With recent advancements in Natural language processing with the Transformers model, this blog talks about using the GPT-2 model for text data augmentation (go here for a more general overview of GTP-2). At a very high level, the blog talks about fine-tuning existing GPT-2 models on sentences from training data by adding prefix text of class-labels to the input example sentences. It then trains the model to maximize the likelihood of the generated sequence in presence of the class labels. Adding the class labels helps the model to understand various clusters of classes available in the training data. During inference, by just giving the class name as a prompt to the GPT-2 model, it generates the sentence that aligns with the class name intent. You can find the code for this at TextAugmentation-GPT2 Github. Also, below are some of the examples generated by the above model (as stated in the official GitHub) on the SPAM/HAM email classification task.
You can use this method with a Gradient Notebook by creating the notebook with the repo as the Workspace URL, found in the advanced options toggled section.
Some of the above-mentioned approaches if done blindly could result in the label and text intent mismatching. For example, if the sentence is “I don’t like this food” and the label is “negative”. And let’s say we are doing random word deletion as a result of which the word “don’t” gets deleted, so now the new sentence becomes “I like this food” with the label “negative”. This is wrong! So it’s always important to keep an eye on the transformed sentences and tweak them accordingly.

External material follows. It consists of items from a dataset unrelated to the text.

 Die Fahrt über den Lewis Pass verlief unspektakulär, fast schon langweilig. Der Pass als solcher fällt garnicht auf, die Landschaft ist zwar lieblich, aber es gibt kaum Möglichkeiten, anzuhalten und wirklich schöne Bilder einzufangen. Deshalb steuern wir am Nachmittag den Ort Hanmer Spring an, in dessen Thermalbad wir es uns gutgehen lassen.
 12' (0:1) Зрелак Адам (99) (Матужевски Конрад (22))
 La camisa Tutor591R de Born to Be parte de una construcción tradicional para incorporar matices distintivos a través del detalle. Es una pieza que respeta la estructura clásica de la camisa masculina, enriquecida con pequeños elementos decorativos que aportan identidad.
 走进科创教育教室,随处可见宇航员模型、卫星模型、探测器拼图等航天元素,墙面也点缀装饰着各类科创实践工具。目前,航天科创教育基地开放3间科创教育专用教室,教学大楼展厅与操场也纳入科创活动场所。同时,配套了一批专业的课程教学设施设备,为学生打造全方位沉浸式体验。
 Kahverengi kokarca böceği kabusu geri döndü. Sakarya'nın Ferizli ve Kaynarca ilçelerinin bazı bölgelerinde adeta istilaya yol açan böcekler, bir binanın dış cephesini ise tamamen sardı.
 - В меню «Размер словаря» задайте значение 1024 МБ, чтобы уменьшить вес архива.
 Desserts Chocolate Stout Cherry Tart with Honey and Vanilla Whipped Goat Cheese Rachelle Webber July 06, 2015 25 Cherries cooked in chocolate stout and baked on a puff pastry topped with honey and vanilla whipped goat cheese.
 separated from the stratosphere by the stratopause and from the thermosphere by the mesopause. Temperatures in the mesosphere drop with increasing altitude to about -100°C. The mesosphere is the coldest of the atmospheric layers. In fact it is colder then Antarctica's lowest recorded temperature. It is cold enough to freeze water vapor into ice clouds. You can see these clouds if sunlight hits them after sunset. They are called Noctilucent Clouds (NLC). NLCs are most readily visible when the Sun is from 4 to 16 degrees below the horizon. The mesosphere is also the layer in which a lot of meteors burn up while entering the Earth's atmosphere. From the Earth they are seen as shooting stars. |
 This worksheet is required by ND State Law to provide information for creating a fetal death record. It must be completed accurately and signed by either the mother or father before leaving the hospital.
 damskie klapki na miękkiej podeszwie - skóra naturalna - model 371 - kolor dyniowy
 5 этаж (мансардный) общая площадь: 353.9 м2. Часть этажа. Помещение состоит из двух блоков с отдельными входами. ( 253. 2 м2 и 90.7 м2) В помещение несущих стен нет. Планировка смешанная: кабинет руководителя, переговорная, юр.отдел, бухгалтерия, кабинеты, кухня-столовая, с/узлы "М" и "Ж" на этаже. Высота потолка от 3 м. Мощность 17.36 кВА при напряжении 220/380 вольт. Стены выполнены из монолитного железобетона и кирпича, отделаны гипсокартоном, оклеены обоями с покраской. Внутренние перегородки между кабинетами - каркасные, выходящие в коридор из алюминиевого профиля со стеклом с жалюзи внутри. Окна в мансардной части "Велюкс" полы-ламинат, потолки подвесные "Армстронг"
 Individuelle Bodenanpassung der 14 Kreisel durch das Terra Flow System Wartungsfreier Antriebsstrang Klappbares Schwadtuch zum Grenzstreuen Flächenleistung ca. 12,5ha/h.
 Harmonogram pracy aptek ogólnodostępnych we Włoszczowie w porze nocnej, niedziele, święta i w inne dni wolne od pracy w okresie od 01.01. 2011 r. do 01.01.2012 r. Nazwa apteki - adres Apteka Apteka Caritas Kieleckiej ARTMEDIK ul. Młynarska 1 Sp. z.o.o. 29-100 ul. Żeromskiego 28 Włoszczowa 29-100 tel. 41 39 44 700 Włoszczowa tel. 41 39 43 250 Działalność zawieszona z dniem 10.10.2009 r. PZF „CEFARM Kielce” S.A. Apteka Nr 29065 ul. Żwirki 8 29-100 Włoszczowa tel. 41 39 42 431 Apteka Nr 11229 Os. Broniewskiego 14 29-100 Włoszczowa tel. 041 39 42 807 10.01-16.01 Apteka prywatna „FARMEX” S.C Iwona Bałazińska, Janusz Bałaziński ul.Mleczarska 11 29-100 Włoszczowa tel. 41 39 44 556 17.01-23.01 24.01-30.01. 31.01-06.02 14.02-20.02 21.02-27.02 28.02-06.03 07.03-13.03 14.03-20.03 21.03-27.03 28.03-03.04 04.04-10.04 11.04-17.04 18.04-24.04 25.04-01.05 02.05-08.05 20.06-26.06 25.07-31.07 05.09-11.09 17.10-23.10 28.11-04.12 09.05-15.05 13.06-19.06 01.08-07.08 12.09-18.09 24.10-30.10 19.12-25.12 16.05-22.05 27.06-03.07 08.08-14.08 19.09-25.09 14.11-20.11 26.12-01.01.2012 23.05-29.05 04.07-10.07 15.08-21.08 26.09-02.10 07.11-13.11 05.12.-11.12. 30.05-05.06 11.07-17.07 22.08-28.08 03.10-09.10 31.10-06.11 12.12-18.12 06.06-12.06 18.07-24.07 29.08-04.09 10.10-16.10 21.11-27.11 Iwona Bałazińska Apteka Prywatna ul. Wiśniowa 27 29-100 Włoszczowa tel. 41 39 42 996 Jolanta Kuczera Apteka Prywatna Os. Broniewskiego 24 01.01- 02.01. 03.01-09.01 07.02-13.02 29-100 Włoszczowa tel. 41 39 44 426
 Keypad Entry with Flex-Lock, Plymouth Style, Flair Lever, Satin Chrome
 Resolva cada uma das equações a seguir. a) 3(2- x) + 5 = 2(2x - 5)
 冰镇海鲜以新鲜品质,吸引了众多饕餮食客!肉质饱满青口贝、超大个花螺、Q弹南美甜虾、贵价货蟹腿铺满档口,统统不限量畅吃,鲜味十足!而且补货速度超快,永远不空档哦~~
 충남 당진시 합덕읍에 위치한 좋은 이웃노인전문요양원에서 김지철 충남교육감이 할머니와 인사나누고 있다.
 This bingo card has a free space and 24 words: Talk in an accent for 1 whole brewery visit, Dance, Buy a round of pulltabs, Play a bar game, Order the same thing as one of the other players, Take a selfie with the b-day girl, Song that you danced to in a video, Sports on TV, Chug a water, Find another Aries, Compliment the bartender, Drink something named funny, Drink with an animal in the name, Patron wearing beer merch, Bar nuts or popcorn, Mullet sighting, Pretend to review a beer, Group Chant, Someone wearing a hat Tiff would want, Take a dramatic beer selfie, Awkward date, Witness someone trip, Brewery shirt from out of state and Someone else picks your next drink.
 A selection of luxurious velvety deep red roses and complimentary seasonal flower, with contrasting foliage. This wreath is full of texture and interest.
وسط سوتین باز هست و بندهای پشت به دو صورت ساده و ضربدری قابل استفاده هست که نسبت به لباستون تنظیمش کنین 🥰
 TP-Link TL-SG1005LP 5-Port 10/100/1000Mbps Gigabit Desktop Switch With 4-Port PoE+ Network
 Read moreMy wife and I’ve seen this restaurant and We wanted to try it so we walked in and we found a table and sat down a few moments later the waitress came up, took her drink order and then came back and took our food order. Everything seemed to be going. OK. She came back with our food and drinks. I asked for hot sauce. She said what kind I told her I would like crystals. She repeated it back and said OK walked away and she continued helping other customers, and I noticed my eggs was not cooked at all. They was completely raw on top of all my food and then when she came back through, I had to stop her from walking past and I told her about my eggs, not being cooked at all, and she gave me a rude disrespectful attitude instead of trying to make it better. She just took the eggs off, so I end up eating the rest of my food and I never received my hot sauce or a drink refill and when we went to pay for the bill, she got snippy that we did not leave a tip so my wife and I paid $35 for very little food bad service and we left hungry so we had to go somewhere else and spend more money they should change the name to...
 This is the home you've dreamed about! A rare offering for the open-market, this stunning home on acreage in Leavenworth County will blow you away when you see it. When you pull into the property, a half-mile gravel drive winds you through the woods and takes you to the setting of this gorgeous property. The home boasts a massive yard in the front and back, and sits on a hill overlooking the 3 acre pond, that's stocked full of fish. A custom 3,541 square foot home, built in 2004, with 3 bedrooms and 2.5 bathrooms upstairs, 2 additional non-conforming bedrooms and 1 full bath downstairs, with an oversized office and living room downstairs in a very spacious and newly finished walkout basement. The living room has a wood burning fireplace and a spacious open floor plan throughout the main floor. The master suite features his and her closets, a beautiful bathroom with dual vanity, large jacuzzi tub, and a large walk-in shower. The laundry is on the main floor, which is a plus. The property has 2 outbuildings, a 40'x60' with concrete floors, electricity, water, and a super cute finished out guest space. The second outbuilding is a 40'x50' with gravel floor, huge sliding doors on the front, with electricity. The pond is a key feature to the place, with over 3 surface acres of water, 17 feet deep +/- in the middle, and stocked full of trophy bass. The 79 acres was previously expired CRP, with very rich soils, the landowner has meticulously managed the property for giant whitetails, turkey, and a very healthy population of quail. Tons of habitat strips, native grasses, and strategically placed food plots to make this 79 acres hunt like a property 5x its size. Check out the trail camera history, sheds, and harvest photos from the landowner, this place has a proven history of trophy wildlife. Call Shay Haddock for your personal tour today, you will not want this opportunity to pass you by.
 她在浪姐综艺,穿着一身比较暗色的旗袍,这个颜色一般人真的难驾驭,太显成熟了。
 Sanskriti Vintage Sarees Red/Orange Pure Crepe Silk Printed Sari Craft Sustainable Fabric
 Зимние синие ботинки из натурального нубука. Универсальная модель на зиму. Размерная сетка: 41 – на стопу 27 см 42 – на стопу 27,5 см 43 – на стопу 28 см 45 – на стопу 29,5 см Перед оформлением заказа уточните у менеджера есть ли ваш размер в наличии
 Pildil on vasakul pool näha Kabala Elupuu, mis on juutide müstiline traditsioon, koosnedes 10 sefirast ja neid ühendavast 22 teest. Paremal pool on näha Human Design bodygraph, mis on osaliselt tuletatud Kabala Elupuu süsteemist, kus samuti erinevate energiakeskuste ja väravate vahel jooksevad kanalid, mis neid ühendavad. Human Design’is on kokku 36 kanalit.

So the authors’ in Data Augmentation using Pre-trained Transformer Models point to the above-mentioned limitations and propose a technique to perform contextual augmentation to preserve label and sentence intent. They do this by fine-tuning various pre-trained transformer models like BERT, GPT, Seq2Seq BART, T5, and more over sentences along with the class label information. They try out two variations of it, both of them are mentioned below:
Expand - This involves prepending class labels to each sentence and also adding class labels as part of the model vocabulary and then fine-tuning it based on the pre-defined objective of the respective Transformer model.
Prepend - This involves prepending class labels to each sentence but not adding class labels as part of the model vocabulary and fine-tuning it based on the pre-defined objective of the respective Transformer model.
They found that the pre-trained Seq2Seq models performed well compared to other approaches that the authors tried. I would recommend you go through the paper to get insights into experiments. Also, feel free to access the code for the same.
As discussed earlier, data augmentation is one of the important practices that you should incorporate when building your machine learning models. In this blog, we saw various data augmentation techniques in the domain of natural language processing, ranging from context insensitive to sensitive transformations, python libraries that can help prototype these functions faster and things to keep in mind when playing around with various transformation options. Also, it's important to note that data augmentation might not always help to improve model performance(but again this is something you can't guarantee for any practice in machine learning), but definitely, something to try out and having it handy is a good practice. As a rule of thumb, it's always good to try out various augmentation approaches and see which one works better and use a validation set to tune the number of samples to augment for achieving the best results.
Hope you found this read useful. Thank you!